Biden’s Misguided Blame Game on Iran

“A fool throws a stone into a well and a hundred wise men can’t get it out,” is a popular Persian expression stressing the lasting consequence of actions taken by unlearned or inexperienced people for the rest of society.

The Biden administration is channeling this maxim—with former President Trump as the “fool” and the 2015 Iran nuclear deal as “the stone”—as its go-to response for why things have gone from bad to worse on Iran policy under President Joe Biden’s watch despite his promise of a “smarter” approach.

On the sidelines of a conference in Rome last October, Biden blamed his predecessor for the deadlock in negotiations and Iran’s atomic advances. “We’re continuing to suffer from the very bad decisions President Trump made to pull out of the JCPOA,” he said, using the acronym for the 2015 agreement, the Joint Comprehensive Plan of Action.
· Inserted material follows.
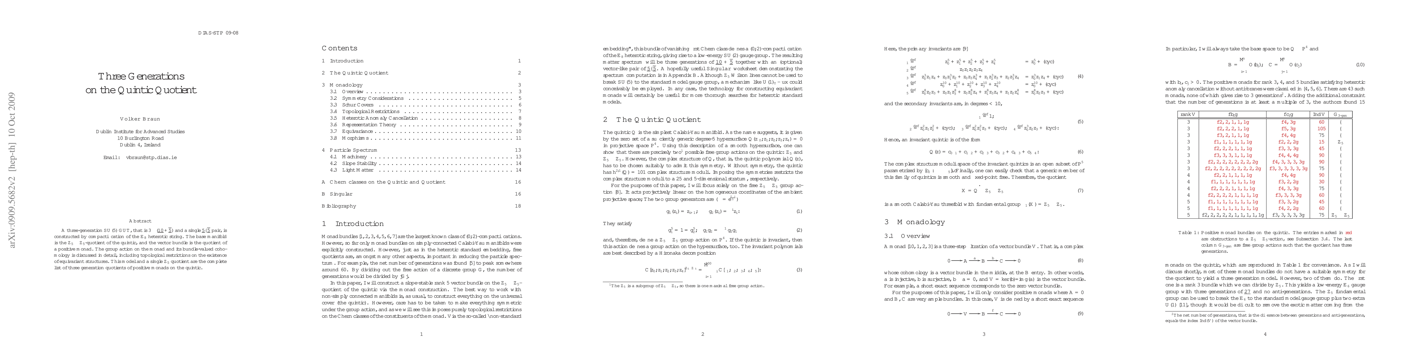 The research constructs a three-generation SU(5) GUT by compactifying the E_8 heterotic string on a Z_5 x Z_5 quotient of the quintic, using a positive monad vector bundle with detailed discussion on the group action and topological restrictions.

Less than two months later, Secretary of State Antony Blinken amplified that assessment, saying, “we are where we are because of what I consider to be one of the worst decisions made in American foreign policy in the last decade, and that was getting out of the Iran nuclear agreement.”

While the former president did indeed cease U.S. participation in the JCPOA on May 8, 2018, the Islamic Republic’s enmity with America far predates this decision. Moreover, the main vectors for Iranian escalation since 2018—nuclear, missile, regional, maritime, and cyber—have all been problem areas in the past and are what make it such an outsized threat. They are not new aggressions Iran has chosen to develop or employ, as White House press secretary Jen Psaki incorrectly alleged days ago.